Utilizzo di sorgenti radioattive nelle attività estrattive. Bolognetti, agli amici dell’Abruzzo e delle Marche dico: Sì, la Baker ha utilizzato sorgenti radioattive.

Come sui siti di bonifica, come sull’anagrafe dei siti da bonificare, come sul caso Fenice, come sui veleni di regime, i veleni industriali e politici che appestano la Basilicata e l’Italia intera, questa è l’opera svolta in questi anni.

Per la prima volta la conferma dell’utilizzo delle sorgenti radioattive nelle attività collegate alla ricerca ed estrazione di idrocarburi. 

Conoscere per deliberare, appunto.

Fame di Diritto, Legalità, Giustizia, Democrazia, Conoscenza

 

Di Maurizio Bolognetti, Giunta Radicali Italiani e Consigliere Associazione Coscioni(al 18° giorno di sciopero della fame:

“C’è un diritto alla verità da intendersi come diritto alla conoscenza.
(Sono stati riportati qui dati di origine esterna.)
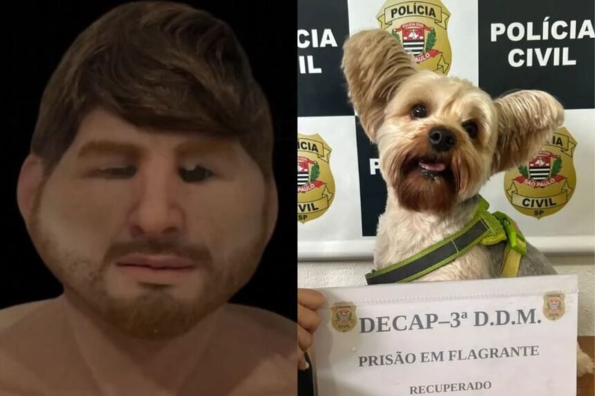 A máscara realista, que imitava o rosto de outra pessoa, e o cão foram localizados no apartamento do suspeito. O animal foi encontrado sem ferimentos e devolvido à vítima.
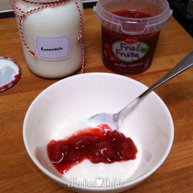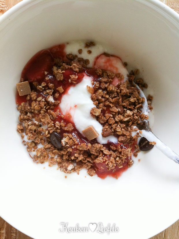 Ik heb vandaag de volledige dag om te werken. Ik ontbijt met een bakje yoghurt, een lepeltje Fris & Fruitig en wat cruesli achter de computer. Prima ontbijtje.

C’è un diritto umano alla conoscenza che occorre contrapporre a una presunta ragion di Stato, che in terra di Basilicata viene declinata in ragion di Company e di Lobby”.

“Perché, ripetutamente, la Prefettura di Potenza è costretta a richiamare alcune società che lavorano per conto delle compagnie petrolifere, rammentando che quando si utilizzano sostanze radioattive ‘le comunicazioni devono pervenire alle amministrazioni competenti almeno 15 giorni prima dell’impiego e devono necessariamente indicare la località nonché la data dell’impiego della sorgente radioattiva’, al fine – aggiunge la Prefettura – ‘di consentire le attività di vigilanza e controllo’?”
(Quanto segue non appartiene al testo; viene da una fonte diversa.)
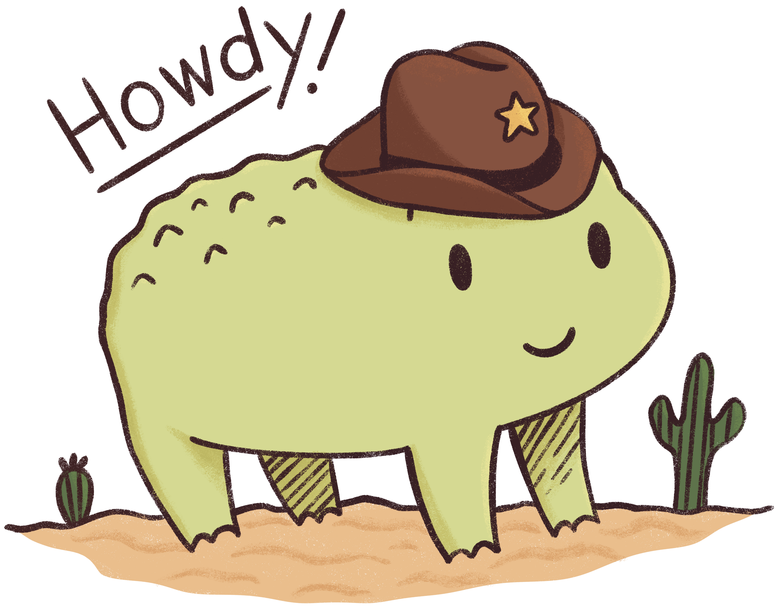Meet Tomothy! He’s a young toad who had always dreamed of being an American cowboy. One day, he decided to hop on a plane and fly to Hollywood to pursue his dream. When he arrived, he ran into a friendly shark named Shark Mom and her son, Small Fry, who were handing out flyers for auditions. He asked her where he could find cowboy auditions, and she said she had the perfect role for him in a commercial she was working on. He was thrilled. He walked into the green room and gave them his best cowboy acting. The room fell silent for a moment, and then someone yelled, "He's perfect!" He had landed the supporting role alongside Small Fry in a commercial about baked beans. After filming, they became inseparable. Shark Mom and Small Fry were like family to Tomothy. He decided to stay with them as he pursued his acting career.

“Dov’è la legge, dov’è lo Stato, dove sono gli organi di controllo in territori assurti ad enclave delle compagnie petrolifere?”

“A volte pronunciata ad alta voce, a volte masticata a mezza bocca e quasi sussurrata, da anni una domanda rimbomba da un capo all’altro della regione: le compagnie petrolifere operanti in Basilicata hanno utilizzato nelle loro attività sostanze radioattive?”
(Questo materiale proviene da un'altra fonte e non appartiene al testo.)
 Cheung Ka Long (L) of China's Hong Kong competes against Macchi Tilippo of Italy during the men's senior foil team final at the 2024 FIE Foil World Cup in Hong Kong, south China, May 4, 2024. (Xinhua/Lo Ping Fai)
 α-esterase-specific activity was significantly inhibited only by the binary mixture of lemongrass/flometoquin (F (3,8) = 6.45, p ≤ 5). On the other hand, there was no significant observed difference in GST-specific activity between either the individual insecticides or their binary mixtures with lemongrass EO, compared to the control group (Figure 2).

“Ai veleni – non pochi – collegati alle attività di ricerca ed estrazione idrocarburi, che con certezza assoluta hanno contaminato le matrici ambientali delle nostre valli, si aggiungono anche le sorgenti radioattive utilizzate da Eni in Val d’Agri e da Total nella Valle del Sauro”.

“Non so se l’utilizzo di queste sostanze abbia provocato danni all’ambiente, come certamente è avvenuto per le emissioni provenienti dal Centro Oli o per l’azzardo rappresentato da trivellazioni effettuate a ridosso di invasi e sorgenti; quello che so è che di certo sono state usate. La certezza l’ho avuta dalla risposta che Arpab ha dato a un mio quesito il 30 dicembre 2014: ‘da quanto risulta agli atti, gli eventuali impieghi di sorgenti radioattive presso i cantieri Eni di Viggiano – in fase di ricerca, trivellazione, esplorazione, estrazione di idrocarburi – sono effettuati da Ditte esterne, tra cui ad esempio risultano comunicazioni a tal fine pervenute da parte della Ditta ‘Wetherford Mediterranea SpA’ di Ortona(Ch) e dalla Ditta ‘JMItalia srl’ di Vaprio d’Adda’”.

“E in effetti, quanto scritto dall’Agenzia trova puntuale riscontro in una nota che la stessa  invia alla Prefettura di Potenza, ai Vigili del Fuoco e all’Asp, avente per oggetto una comunicazione datata 24 marzo 2014, con la quale la Wetherford Mediterranea SpA segnala ‘l’impiego di sorgenti radioattive presso 3 pozzi dell’Eni in agro di Marsiconuovo e in agro di Viggiano'”.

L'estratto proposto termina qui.